__PROBLEM REQUIREMENTS__:
Copy exactly the lines from the one containing "自2017年Transfor" through the last line of the records below, including both, and leave out any pictures.

__SUPPLIED RECORDS__:
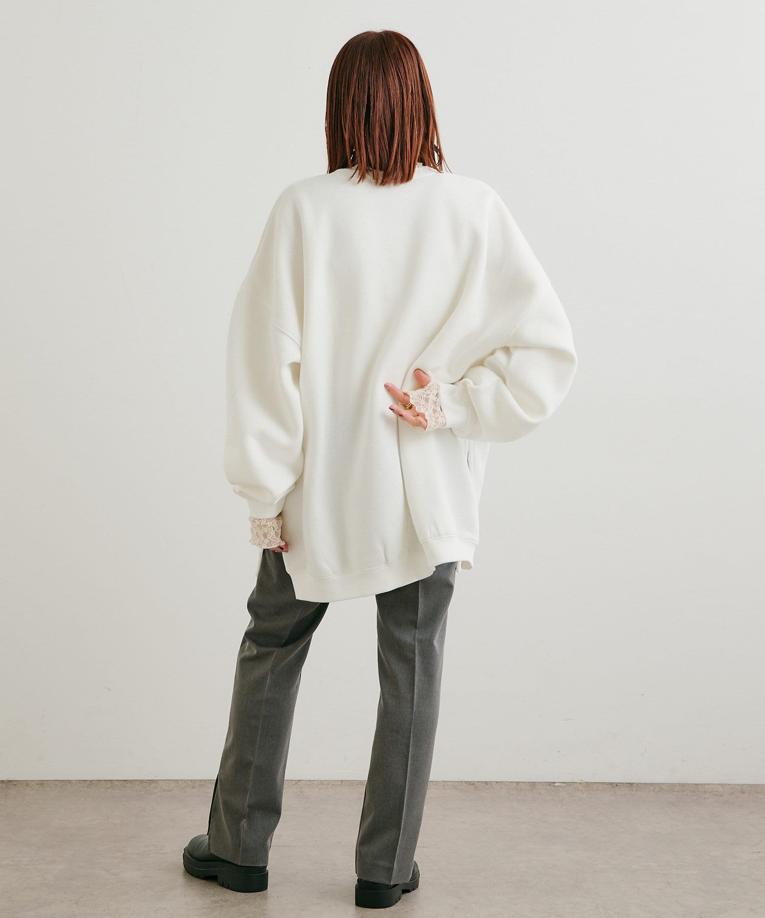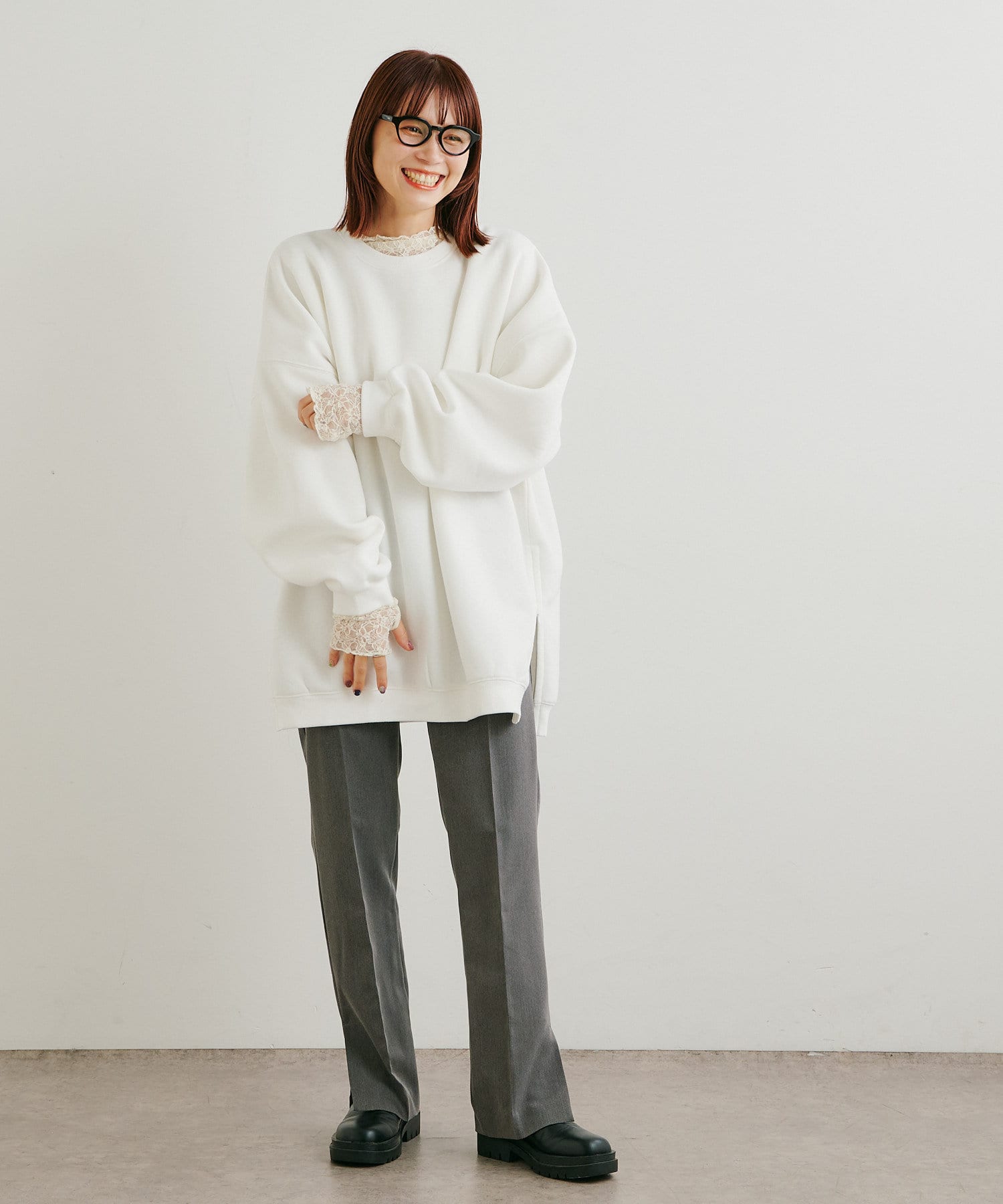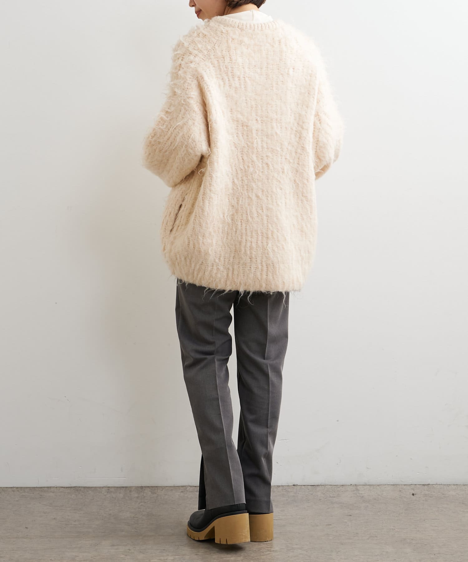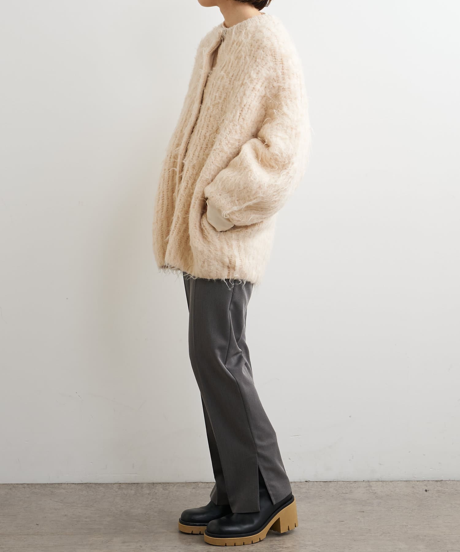 ・パンツは、裾のサイドスリットとセンタープレスのデザインが美脚に見せてくれます。
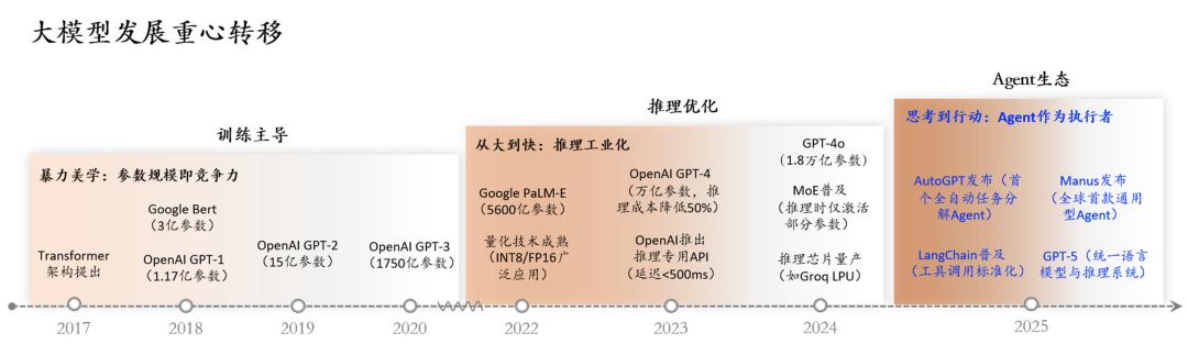 自2017年Transformer架构提出至今,大模型发展的重心也在不断发生转移,起始阶段是大模型的训练主导,核心目标在于通过扩大参数量和数据规模提升模型能力。之后大模型落地应用面临成本与效率瓶颈,推理专用芯片、MoE等与推理强相关的技术逐渐普及。Agent的出现推动了AI技术从单一任务执行向复杂决策与交互的转变,成为了AI应用最具想象力的板块。
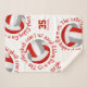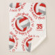 This cute volleyball themed sherpa fleece blanket features 5 randomly arranged red, gray and white volleyballs with the text, "The volleyball court is my happy place" in red encircling each volleyball in a fun typographic font, all on a white background - her name and jersey number are customizable - by katz_d_zynes
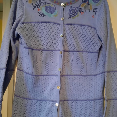 Kolme kertaa päällä pidetty ja kerran pesty paksu neuletakki.
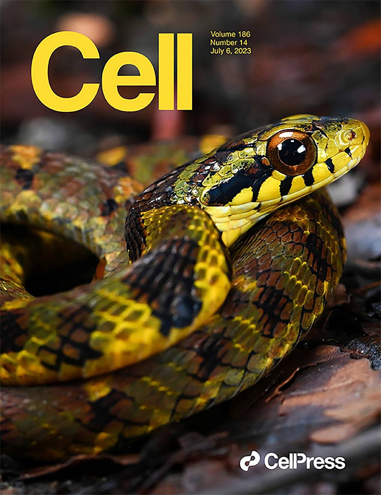 该团队的研究成果以封面论文形式发表于国际期刊《Cell》第186卷14期,封面物种系我国所产无毒蛇类大眼斜鳞蛇(图片由受访者提供)

__YOUR SOLUTION__:
 自2017年Transformer架构提出至今,大模型发展的重心也在不断发生转移,起始阶段是大模型的训练主导,核心目标在于通过扩大参数量和数据规模提升模型能力。之后大模型落地应用面临成本与效率瓶颈,推理专用芯片、MoE等与推理强相关的技术逐渐普及。Agent的出现推动了AI技术从单一任务执行向复杂决策与交互的转变,成为了AI应用最具想象力的板块。
 This cute volleyball themed sherpa fleece blanket features 5 randomly arranged red, gray and white volleyballs with the text, "The volleyball court is my happy place" in red encircling each volleyball in a fun typographic font, all on a white background - her name and jersey number are customizable - by katz_d_zynes
 Kolme kertaa päällä pidetty ja kerran pesty paksu neuletakki.
 该团队的研究成果以封面论文形式发表于国际期刊《Cell》第186卷14期,封面物种系我国所产无毒蛇类大眼斜鳞蛇(图片由受访者提供)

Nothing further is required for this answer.